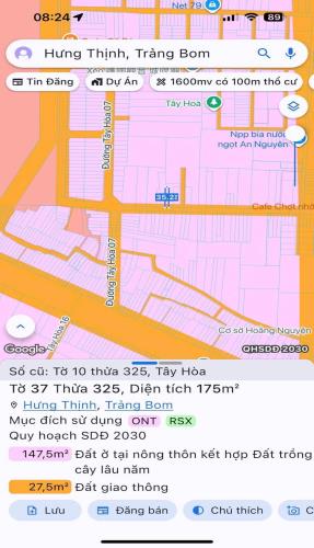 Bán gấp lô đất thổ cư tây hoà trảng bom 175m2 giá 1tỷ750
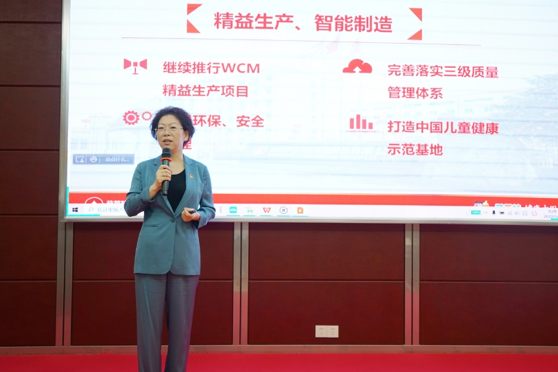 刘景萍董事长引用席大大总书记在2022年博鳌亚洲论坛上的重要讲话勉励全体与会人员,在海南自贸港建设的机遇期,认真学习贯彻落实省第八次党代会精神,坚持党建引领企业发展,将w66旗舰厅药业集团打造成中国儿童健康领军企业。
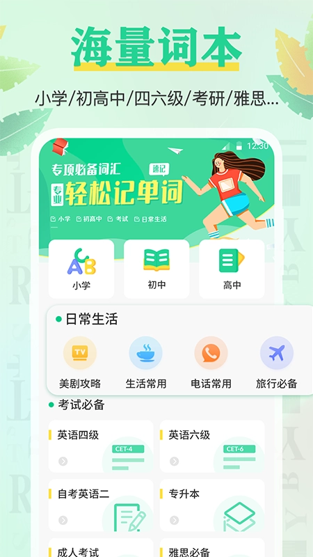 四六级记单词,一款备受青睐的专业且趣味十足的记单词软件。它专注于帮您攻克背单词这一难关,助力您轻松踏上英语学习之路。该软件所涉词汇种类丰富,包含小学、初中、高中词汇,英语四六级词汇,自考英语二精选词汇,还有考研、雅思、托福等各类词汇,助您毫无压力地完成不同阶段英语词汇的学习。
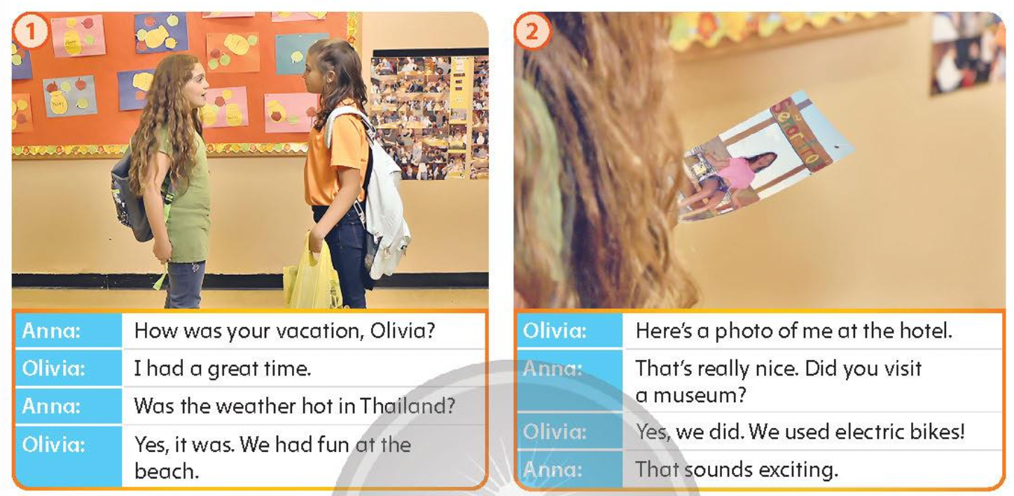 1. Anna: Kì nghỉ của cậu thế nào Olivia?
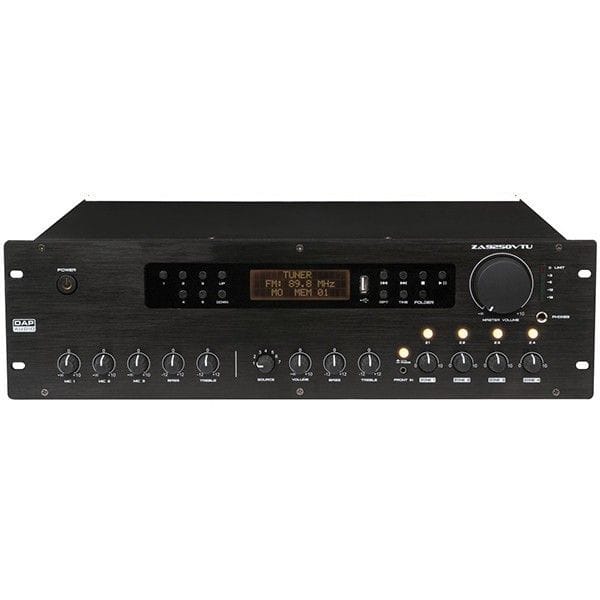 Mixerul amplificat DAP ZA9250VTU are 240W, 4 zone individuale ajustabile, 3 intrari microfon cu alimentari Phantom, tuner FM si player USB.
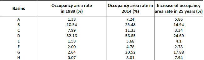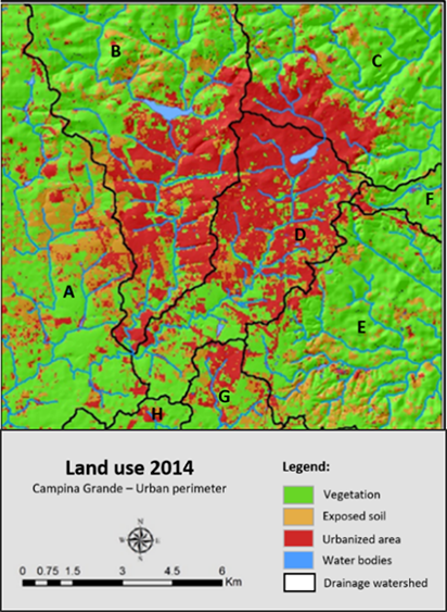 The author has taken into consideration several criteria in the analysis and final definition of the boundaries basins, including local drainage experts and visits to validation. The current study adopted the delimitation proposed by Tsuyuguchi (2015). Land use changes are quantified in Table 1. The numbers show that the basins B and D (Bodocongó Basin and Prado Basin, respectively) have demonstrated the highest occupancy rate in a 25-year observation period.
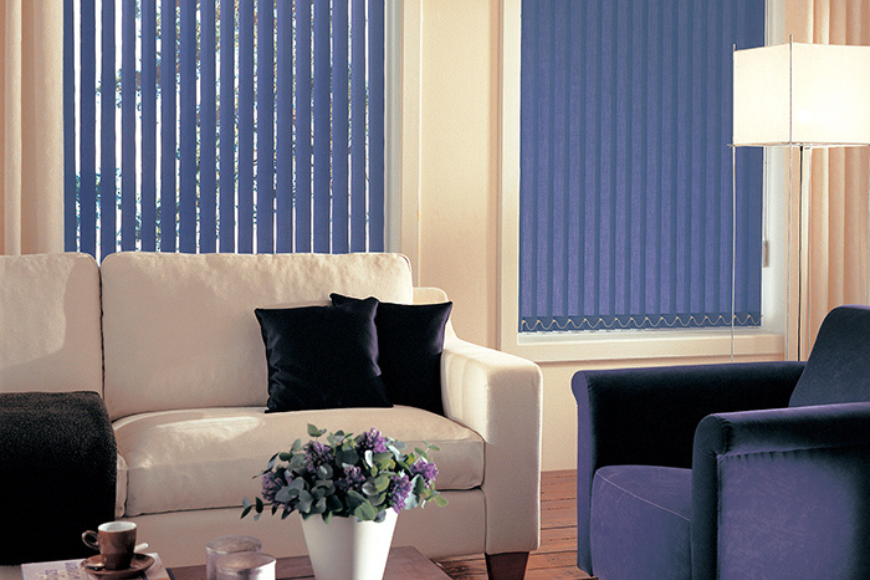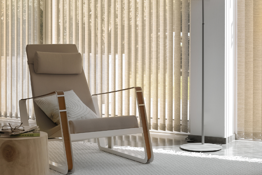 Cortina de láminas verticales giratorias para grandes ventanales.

§

__EXERCISE GOAL__
Leave out every picture, and write out exactly the lines from the one with "The author has" through the end of the records above, both ends included.

__SOLUTION FOR THIS EXERCISE__
 The author has taken into consideration several criteria in the analysis and final definition of the boundaries basins, including local drainage experts and visits to validation. The current study adopted the delimitation proposed by Tsuyuguchi (2015). Land use changes are quantified in Table 1. The numbers show that the basins B and D (Bodocongó Basin and Prado Basin, respectively) have demonstrated the highest occupancy rate in a 25-year observation period.
 Cortina de láminas verticales giratorias para grandes ventanales.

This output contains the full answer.